Музыка, предшествовала поднятию занавеса. Свечи в зале были потушены, чтобы усилить эффект освещения, падающего на сцену. Сюжет для первой живой картины был написан одним молодым венским художником: "Людовик XIV у ног m-me Лавальер". Вторая картина была поставлена по прекрасной композиции Герена: "Ипполит, защищающийся перед Тезеем от обвинений Федры".
Потом сцену приготовили для изображения романсов в лицах. Оркестр, состоящий из знаменитых музыкантов Германии, в промежутке исполнил симфонии Гайдна и Моцарта. Первым романсом был: "Partant pour la Syrie", написанный королевой Гортензией; мелодия этого романса сделалась популярной в Европе.

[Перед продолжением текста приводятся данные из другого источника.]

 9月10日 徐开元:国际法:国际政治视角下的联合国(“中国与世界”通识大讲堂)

Я сидел слишком далеко от императора Александра, так что не мог расслышать, что он говорит принцу Евгению, сидевшему около него, рядом со своим тестем, королем Баварским, но нетрудно было видеть по тому выражению удовольствия и благодарности, которое было написано на лице Евгения, что Александр сопровождал лестными и благосклонными одобрениями музыкальное произведение его сестры.
- Это, - сказал мне принц де Линь, - скипетр, который нельзя разбить в руках m-elle Богарне; она все еще королева милостью таланта, если она даже и перестала ею быть милостью Божией. Я должен сознаться, что чувствую большое расположение к женщинам, которые любят музыку, и особенно к тем, которые пишут такие прекрасные вещи, как те, что мы сейчас здесь слышали. Музыка - всемирный язык; она объясняет, посредством гармонии, каждому его собственные душевные настроения.

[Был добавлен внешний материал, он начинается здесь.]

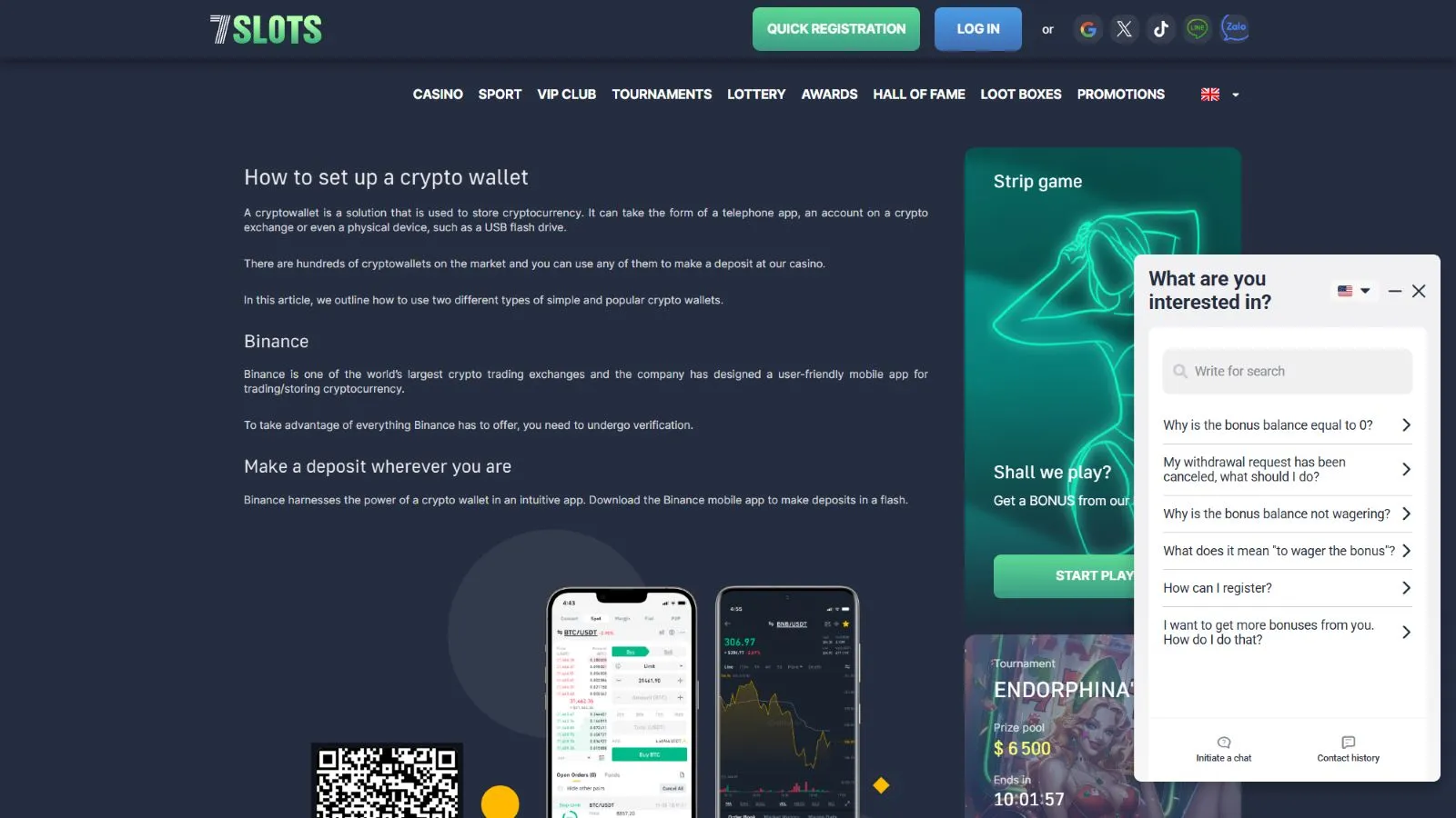 To join 7Slots, head over to the casino website and click the ‘Register in 10 seconds’ button. Then choose whether you want to register via email or mobile number. In the next step, fill out the form with your username, password, and your account currency. Alternatively, you can also register in a few clicks through your social media account.

Лишь злые люди могли говорить дурное о бывшей королеве голландской и лишь глупцы могли этому поверить. Что касается меня, то я счастлив, что могу аплодировать павшему величию, в особенности, если оно сделало честь тому месту, на которое судьба его поставила.
Да мой друг, я часто видал королеву Гортензию при начале ее карьеры. Совсем еще юная, перенесенная ко Двору, взбудораженному славой, она, тихою прелестью своею тихого достоинства, составляла контраст с беспокойной жизнью этого Двора. Когда ее фортуна сделала такие быстрые шаги, она не изменилась, и пышность империи застала ее скромной и естественной.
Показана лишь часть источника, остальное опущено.